Tag Archives: magpie

Squirrel Alert!

It was a beautiful afternoon, unexpectedly given to me when two appointments were cancelled. Off to Mrs O’s garden!

The first of the grass seed was an inch high, so time to remove the plastic and let it breathe. Meanwhile the ground was ready for planting out a few perennials. Some had been standing out in pots all winter, so they too were ready.

As I tipped one pot over I was surprised to see a swollen root – but no, it was a peanut in its shell! This pot had been raised off the ground to get a little more winter sun; clearly a favoured cache. Sorry, squirrel, you’ve lost that nut!

Last summer the squirrel living in next door’s roof was often seen with peanuts in her mouth, shimmying up the drainpipe to feed the family. Mrs Turnstone had hung them on the washing line for the blue tits, but all disappeared overnight, string and all. But where had Mrs Squirrel hidden them? When I cut the ivy down on the wall and trellis  after nesting time I found the remains of her store, dry and safe from magpies.

The new owner has sealed next door’s loft, so let’s hope we are squirrel-free for the coming summer. I also found a blackbird’s next with the eggs eaten …

Mistletoe? No!

Mistletoe?

I must have had Christmas on my mind even to entertain the idea for a moment. Well, how could it be mistletoe, growing out of the brick arch just north of Peterborough? It looked the part at first sight: a spherical shrub, branching down as well as up, but it was our old friend Buddleia, beyond easy control above a railway track.

So what will take over the world when humans are gone? Buddleia, brambles, birch, briars? Rats, foxes, jackdaws, gulls, magpies? We’ll never know!

Extra Special Crows

28th October

There are a few species of crow in Britain: the most familiar around the Turnstones’ home being Jackdaws and Magpies. In Cornwall, Jack is present along the cliffs as well as the quaysides, and is by no means totally dependent on crumbs of human generosity. There is another crow that inhabits the rock faces and narrow ledges, but not the carrion crows that we saw in numbers stalking the fields above the slate cliffs.
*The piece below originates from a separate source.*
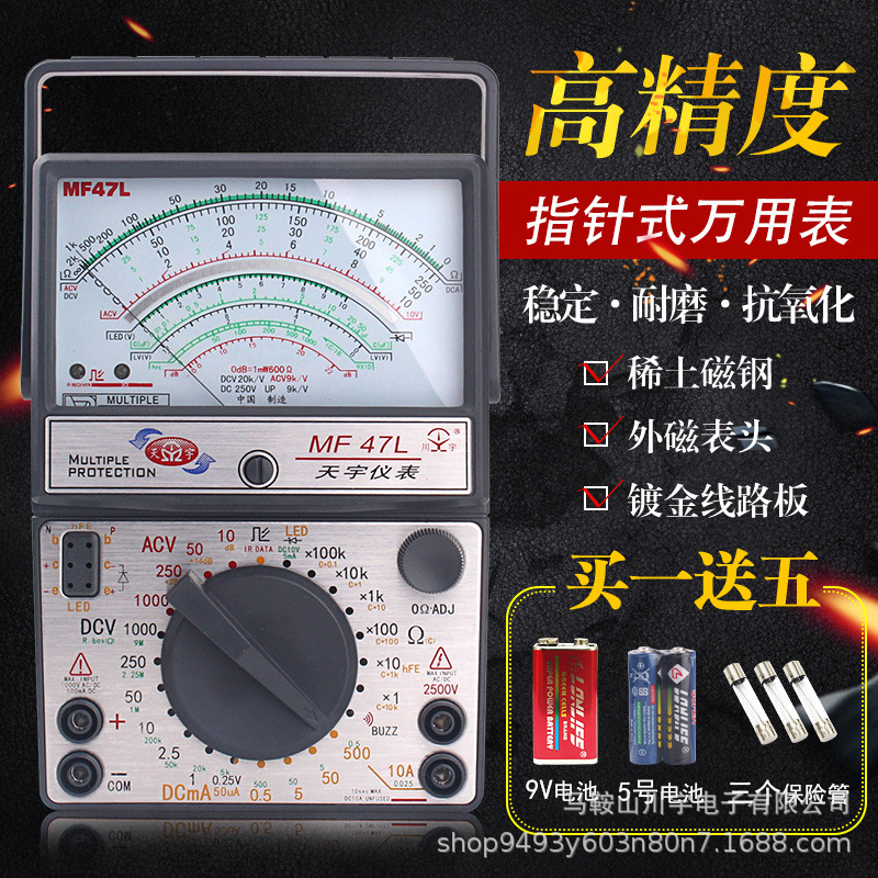 Nanjing Tianyu MF47 pointer multimeter mekanis, bel anti-pembakaran presisi tinggi perlindungan penuh magnetik internal universal

It was not wishful thinking. That is a crow, yes, but neither jack nor carrion crow. Mrs T saw its orange bill without prompting from her husband – a chough, no, a pair of choughs! They may be associated with Canterbury, but they do not live here, in fact, I’d not seen one since we sat at the top of the Great Orme, eighteen years ago. To bed with a smile once more!